The Paperboy
- Author: Dav Pilkey
- Language: English
- Publisher: Orchard Books
- Publication date: March 1, 1996
- Publication place: United States
- Pages: 32
- Awards: Caldecott Honor
- ISBN: 978-0-531-09506-5
- OCLC: 32700284

= The Paperboy (children's book) =

1996 picture book by Dav Pilkey

The Paperboy is a 1996 children's picture book written and illustrated by Dav Pilkey. Inspired by Pilkey's own experiences as a paperboy, it tells the story of a paperboy and his dog as they deliver newspapers in the early hours of the morning. The Paperboy received positive reviews from critics and was awarded a 1997 Caldecott Honor for its illustrations.

==Plot==
An unnamed paperboy and his faithful dog wake up early each morning while it is still dark and cold outside and his family is still asleep. After breakfast, the paperboy folds and delivers newspapers, accompanied by his dog; they both find happiness and comfort in the familiar routine. They finish at sunrise as the rest of the world begins to wake up, and they return home to fall asleep and dream.

==Background and publication==
According to Pilkey, The Paperboy was written in fifteen minutes, although he had thought about the idea for two or three years beforehand. The story was inspired by Pilkey's own experiences as a paperboy delivering the Lorain Journal. In an interview, he stated: "I liked the independence I felt when it seemed like I was the only person in the whole world who was awake." Pilkey quickly completed the illustrations for The Paperboy so he could dedicate time to what was to be his subsequent book, Make Way for Dumb Bunnies.

The Paperboy was published on March 1, 1996, by Orchard Books. An audiobook version, narrated by Forest Whitaker and accompanied by a short video with animations based on the original illustrations, was released by Weston Woods Studios in 2000.

==Reception==
The Paperboy received positive reviews from critics. Publishers Weekly wrote that "Pilkey is at his best" in the book, and praised the illustrations and "the controlled hush of the narrative". Kirkus Reviews called the book "a gentle salve for the instability in so much of modern life" and favorably compared the black paperboy to the protagonist from The Snowy Day by Ezra Jack Keats. Carolyn Phelan of Booklist wrote that the illustrations included "beautifully composed landscapes and interiors" and were evocative of the art of Marc Chagall. Wendy Lukehart, writing for School Library Journal, called The Paperboy a "totally satisfying story", praising Pilkey's "graceful economy of language" and "deep, sumptuous acrylics". Mary M. Burns of The Horn Book Magazine praised the "lyrical combination of text and pictures" and "rich and inviting" palette, and called the story a "meditative evocation of the extraordinary aspects of ordinary living".

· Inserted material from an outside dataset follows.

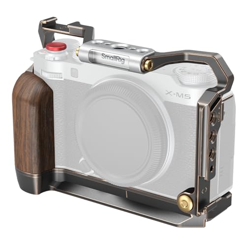 SmallRig "Retro" Cage for FUJIFILM X-M5, with Built-in Wooden Handgrip and Quick Release Plate for Arca, Includes Windshield/Hot Shoe Cover/Shutter Release Button - 4892

The audiobook and video adaptation also received positive reviews. AudioFile wrote that "Forest Whitaker narrates with the gentle voice the story merits," and that the various sound effects added "just enough reality to the delicate scene". Teresa Bateman of School Library Journal wrote that The Paperboy "adapts beautifully to the video format". Candace Smith, writing for Booklist, called it a "faithful iconographic adaptation" of the original book.

The Paperboy received a 1997 Caldecott Honor for its illustrations. In an interview, Pilkey stated: "Winning the Caldecott Honor Award was probably the coolest professional thing to happen to me since I began writing books."